True Colours of the SDGs
In a little over a year, at the SDG Summit in September 2027, the world will gather again to debate the future of the global goals. But long before anyone walks onto that stage, someone is already shaping the script for what the world will debate next.
Photo by Katja Ano on Unsplash
To understand where we’re heading, it helps to remember where we began. Two decades ago, the global conversation revolved around eight simple, urgent promises: the Millennium Development Goals. It was a time when HIV/AIDS loomed like a shadow across continents, and when the UN struggled under the weight of its own fragmentation. There was even a moment when leaders imagined a single, unified UN presence in every country. A bold idea of the One UN that dissolved quietly, filed away as too idealistic. Now, as the SDGs approach their final stretch, the UN stands at a far more precarious crossroads. Not just fragmented but also underfunded, it faces existential questions about its future.
The MDGs were signposts in the development discourse and central to measuring the sector's progress. Although donor-driven, they did contribute to a more coherent understanding of what was the role of international development cooperation in contributing to a better future. The later editions of the 17 goals have been harder to grasp, and the results of the SDGs, beyond the cry "we are not on track", have been difficult to hear. The truth is, dividing the ambitions of humankind into 17 distinct, colourful boxes is, of course, quite absurd. Goals overlap, collide, and sometimes undermine each other when pursued in isolation. And yet, the idea of a shared structure for debating the global goals, a place where the world gathers to imagine its future, is worth defending.

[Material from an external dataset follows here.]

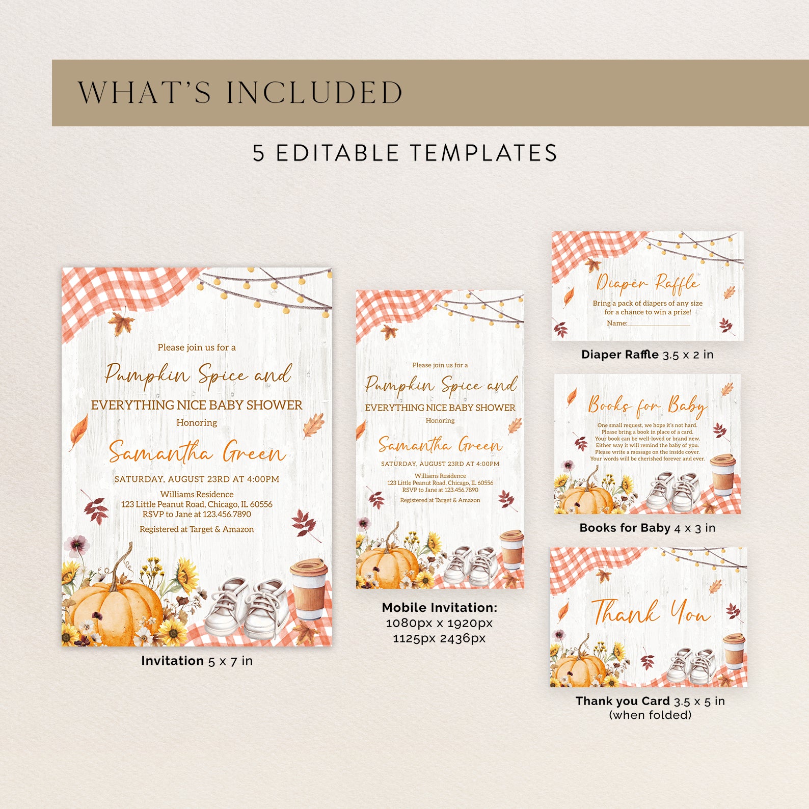 - Purchase this Pumpkin Spice Baby Shower Invite Bundle with Plaid & Pumpkins template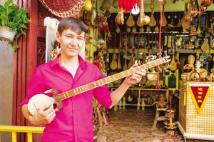 今年 22歲的玉買爾江·玉山。2005年冬天我見到他的時候,他邊上學邊在樂器作坊當小學徒,現(xiàn)在他已經(jīng)是一家商鋪的老板了。他既能制作樂器,又是出色的音樂人。隨著游客量不斷增長,他今年收入頗豐。

But who is now setting the agenda for the beyond 2030? At least one group has already stepped forward. Deafening a universal rights-based agenda, and the civic space as a key enabler of the equitable transformation. Forus, a global network of national civil society organisations and regional coalitions, has gathered its members' aspirations in the Forus Post 2030 Vision Paper. Forus’ vision pushes beyond the old development vocabulary and ODA-based development discourse. For instance, it points to the failures of the International Financial Architecture that shape the lives of billions, yet remain far removed from the democratic ideals of the SDGs and global commitments. While we do not need 17 colourful boxes of unrelated ambitions that everyone can pick from, we need a space for a debate on the direction of humanity, and the more diverse, open, and equitable it is, the more courage we have to learn from past mistakes. Kudos to Forus for being early to set their parameters for that debate!